--- Data for the task Enclosed Below ---

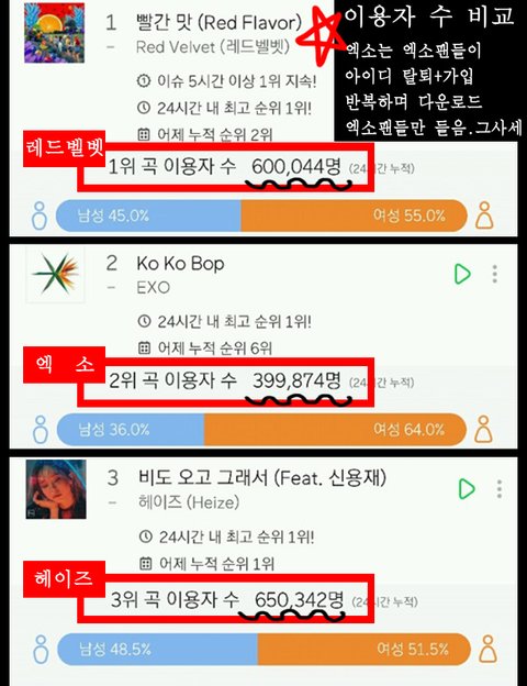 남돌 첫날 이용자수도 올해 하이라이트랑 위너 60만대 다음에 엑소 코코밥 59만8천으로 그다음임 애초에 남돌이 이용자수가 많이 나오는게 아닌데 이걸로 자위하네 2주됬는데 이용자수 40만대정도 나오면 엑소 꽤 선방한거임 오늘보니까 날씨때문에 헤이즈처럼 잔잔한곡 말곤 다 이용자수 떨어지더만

--- End of Enclosed Data for the task ---
--- Data for the task Enclosed Below ---

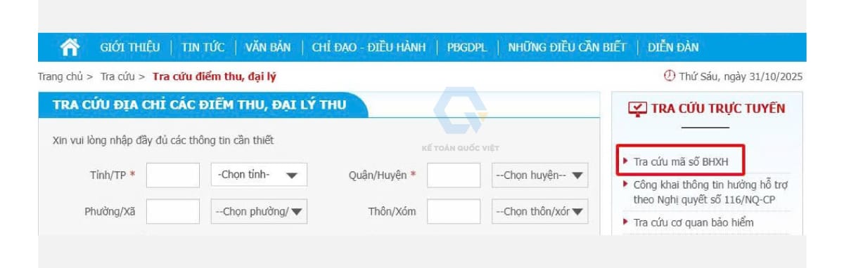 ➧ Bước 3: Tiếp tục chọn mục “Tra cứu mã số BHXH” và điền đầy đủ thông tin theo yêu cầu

--- End of Enclosed Data for the task ---
--- Data for the task Enclosed Below ---

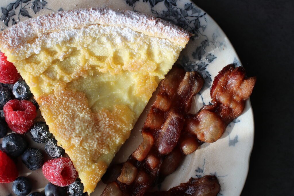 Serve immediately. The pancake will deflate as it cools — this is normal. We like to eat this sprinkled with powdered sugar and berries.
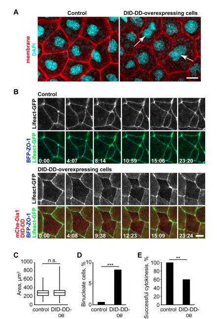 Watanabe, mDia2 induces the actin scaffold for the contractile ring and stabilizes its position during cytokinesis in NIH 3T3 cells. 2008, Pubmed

--- End of Enclosed Data for the task ---

* About this task
The lines above from the line with "Serve immediately. The" through the line with "Watanabe, mDia2 induces" are to be given again word for word, with no pictures among them.

* Answer box
 Serve immediately. The pancake will deflate as it cools — this is normal. We like to eat this sprinkled with powdered sugar and berries.
 Watanabe, mDia2 induces the actin scaffold for the contractile ring and stabilizes its position during cytokinesis in NIH 3T3 cells. 2008, Pubmed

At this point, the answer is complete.